SLA Quarterly
Jerry Sullivan

Landmark Surplus Line Bill Passed at End of 1993 Legislative Session

With the close of the 1993 legislative year, only one surplus line bill has made it through the intricate maze in Sacramento: Assembly Bill 865. This significant bill was sponsored by the Surplus Line Coalition and supported by the Surplus Line Association, California Insurance Wholesalers Association, and Insurance Agents and Brokers Legislative Council. AB 865 will legislatively recognize a surplus line advisory organization, whose job is to assist the Department of insurance in regulating the non-admitted market.

Although this bill will not affect how the individual reputable broker conducts their day to day business, it will have a tremendous positive impact on how we, as an industry, proceed into the future. This bill corrects one of the drawbacks which the SLA has had to contend with due to not being legislatively recognized: the threat of legal action by -unscrupulous brokers and unreliable non-admitted insurers.

Because of this threat, the SLA has been prevented from sharing information with the DOI. The result has been that the DOI has been deprived of a valuable resource in their mission to crack down on disreputable brokers and nonadmitted insurers in the California non-admitted market.

The highlights of AB 865 are as follows:

  1. A surplus line advisory organization is authorized to perform the duties delegated by the Insurance Commissioner. The qualifications for the organization are detailed in the bill. The SLA meets all the criteria and will apply to be the surplus line advisory organization.
  2. The Insurance commissioner shall remain fully responsible for supervising the implementation and administration of the surplus line law.
  3. The surplus line advisory organization will submit a plan of operation to the Insurance commissioner for his approval. It will identify the duties that the organization proposes to perform and how the duties will be accomplished. In addition to the tasks currently performed by the SLA, the surplus line advisory organization is authorized to report any factual fraudulent or illegal activity or potential risk of harm to insurance consumers in the surplus line market.
  4. Grants immunity to the surplus line advisory organization for actions taken or omitted in the performance of their delegated tasks.
  5. Authorizes the assessment of a stamping fee. Any increase above 3/4 of one percent will have to be filed with the commissioner's office.

One provision which was added to this bill at the last minute was a "sunset clause." In essence, what this clause states is that unless SB 959 (White List Bill) passes next year, AB 865 will no longer be in effect. Based on our discussions with the author of SB 959, Senator Patrick Johnston, and the DOI, there is very good progress on this bill and the prognosis is that it will pass.

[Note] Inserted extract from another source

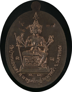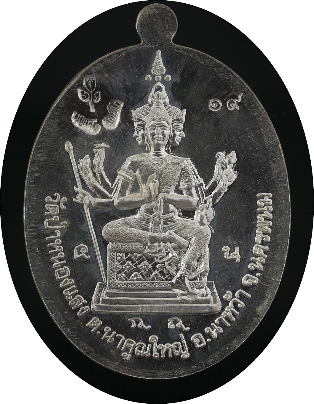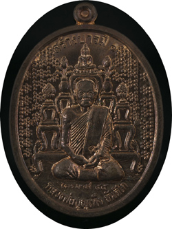 ๖. เหรียญเนื้อนวโลหะ ด้านหน้ามีหมายเลข ๙ ตรงสังฆาฏิ (อุ้มเลข ๙) ส่วนด้านหลัง ซ้ายบนตอกโค้ดดอกบัวชื่อและฉายา ด้านขวาบนเป็นหมายเลขชุด ๑- ๒๐

In substance, SB 959 is a codification of Regulation 2174 which created the mechanism to develop a list of acceptable non-admitted carriers for California insurance consumers. In addition to legislating 2174, the SLA is pushing for two additional provisions on which we believe we are close to agreement with the DOI: 1) an industrial insured exemption, and 2) a gap exemption.

The industrial insured exemption would exclude large sophisticated buyers of insurance from certain surplus line requirements in the code.

The gap exemption would allow, under certain circumstances, the surplus line broker to place some coverage with non-admitted insurers who are not on the 'white list" (placement with non-admitted insurers who have been removed from the white 1ist will not be allowed) The proposed conditions for placement with non-white listed non-admitted insurers is allowed if 1) multiple insurers are required to write 100% of the risk, 2) at least 80% of the risk is written by white listed insurers, and 3) the surplus line broker submits to the commissioner any and all documents and information used by the broker in verifying the integrity and financial stability of the non-white listed.

Although this bill was introduced during the 1993 legislative session, there was some technical language on which the author and the DOI still needed to agree when the deadline for passing legislation expired. As result this bill has been held over into the 1994 legislative session, when it again will be considered.

The SLA has been working closely with the author and the DOI in crafting the language for this bill. The SLA was originally supportive of SB 959 when it was first introduced at the beginning of this year. Now that this bill has been tied to AB 865, we are even more committed to its passage in 1994.

One other bill of note which will effect some surplus line brokers is AB 2055. This bill requires that from January I through December 31, 1994, persons subject to insurance taxes (including surplus line brokers) whose annual taxes exceed $50,000 must make payment by electronic funds transfer ("EFT"). On and after January 1, 1995, persons whose annual taxes exceed $20,000 must make payment by EFT. Unfortunately the language in this bill is not completely dear. The SLA is currently working with the DOI to help correct some of the drafting problems. We strongly encourage that any broker who may be affected by this bill contact their tax advisor for guidance. In the meantime, we will keep you apprised of any developments related to this bill.

With the end of the 1993 legislative session, the surplus line community can look back and mark this year as an important milestone in the evolution of the California surplus line market. Significant strides have been made in strengthening and improving the market, which should prove even more beneficial in the coming years.